[Work instructions]:
Restate word for word the entries below, starting with the line with "All Warpaints Air" and continuing through the line with "Striding about the". Include both of those lines and no others.

[Records to use]:
**********
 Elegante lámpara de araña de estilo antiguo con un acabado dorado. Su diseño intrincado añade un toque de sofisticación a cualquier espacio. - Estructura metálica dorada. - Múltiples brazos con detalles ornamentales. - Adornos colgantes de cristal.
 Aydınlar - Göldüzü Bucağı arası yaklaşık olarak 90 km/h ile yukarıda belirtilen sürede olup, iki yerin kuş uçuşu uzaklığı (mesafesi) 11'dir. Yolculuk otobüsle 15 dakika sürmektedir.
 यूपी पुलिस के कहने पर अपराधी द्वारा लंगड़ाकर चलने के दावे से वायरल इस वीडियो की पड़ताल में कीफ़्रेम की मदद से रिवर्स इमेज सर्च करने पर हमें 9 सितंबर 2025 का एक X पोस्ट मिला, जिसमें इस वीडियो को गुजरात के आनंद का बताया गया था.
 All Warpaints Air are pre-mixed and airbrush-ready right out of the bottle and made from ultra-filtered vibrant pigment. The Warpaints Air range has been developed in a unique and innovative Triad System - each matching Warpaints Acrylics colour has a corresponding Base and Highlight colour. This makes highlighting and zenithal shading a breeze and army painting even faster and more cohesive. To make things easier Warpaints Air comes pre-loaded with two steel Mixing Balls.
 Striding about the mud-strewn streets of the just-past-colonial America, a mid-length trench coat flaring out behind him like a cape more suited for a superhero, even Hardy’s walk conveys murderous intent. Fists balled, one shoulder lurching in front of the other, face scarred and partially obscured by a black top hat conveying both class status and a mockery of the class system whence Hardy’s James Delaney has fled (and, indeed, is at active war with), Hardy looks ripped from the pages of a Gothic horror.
**********
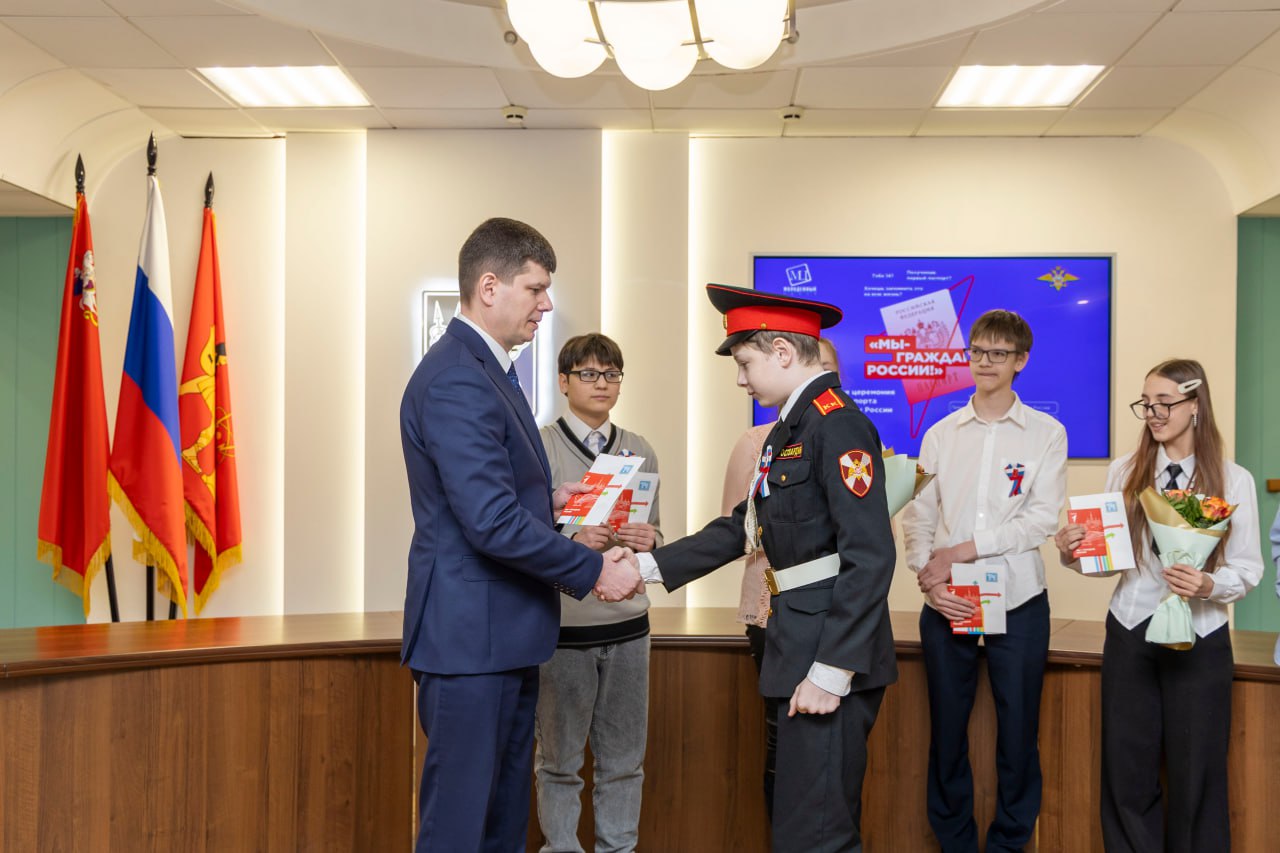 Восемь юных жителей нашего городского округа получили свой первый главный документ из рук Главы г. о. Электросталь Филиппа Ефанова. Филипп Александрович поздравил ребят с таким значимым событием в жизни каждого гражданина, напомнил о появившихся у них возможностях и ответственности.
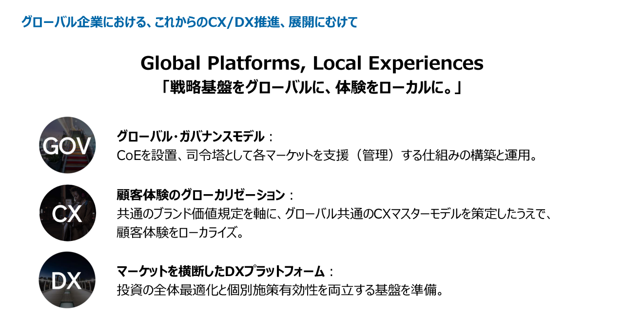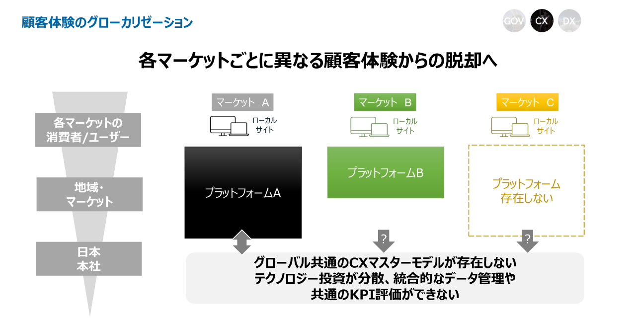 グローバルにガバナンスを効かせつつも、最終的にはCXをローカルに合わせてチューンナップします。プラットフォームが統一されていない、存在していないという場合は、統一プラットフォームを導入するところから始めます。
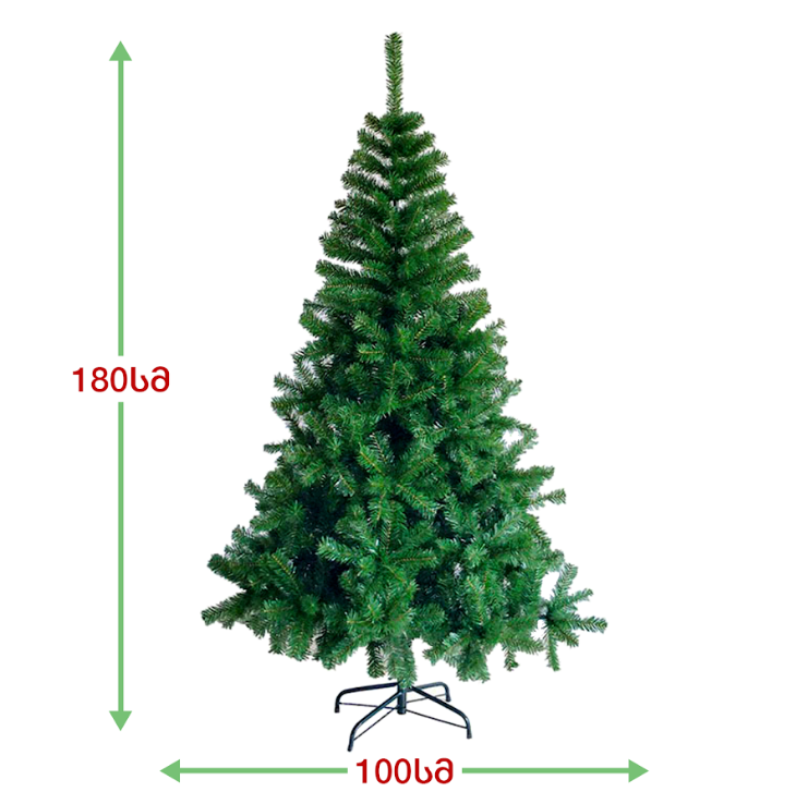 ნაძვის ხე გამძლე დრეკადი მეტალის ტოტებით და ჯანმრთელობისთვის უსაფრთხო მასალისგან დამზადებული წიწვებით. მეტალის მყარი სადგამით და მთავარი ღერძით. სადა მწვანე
**********
[Solution below]:
 All Warpaints Air are pre-mixed and airbrush-ready right out of the bottle and made from ultra-filtered vibrant pigment. The Warpaints Air range has been developed in a unique and innovative Triad System - each matching Warpaints Acrylics colour has a corresponding Base and Highlight colour. This makes highlighting and zenithal shading a breeze and army painting even faster and more cohesive. To make things easier Warpaints Air comes pre-loaded with two steel Mixing Balls.
 Striding about the mud-strewn streets of the just-past-colonial America, a mid-length trench coat flaring out behind him like a cape more suited for a superhero, even Hardy’s walk conveys murderous intent. Fists balled, one shoulder lurching in front of the other, face scarred and partially obscured by a black top hat conveying both class status and a mockery of the class system whence Hardy’s James Delaney has fled (and, indeed, is at active war with), Hardy looks ripped from the pages of a Gothic horror.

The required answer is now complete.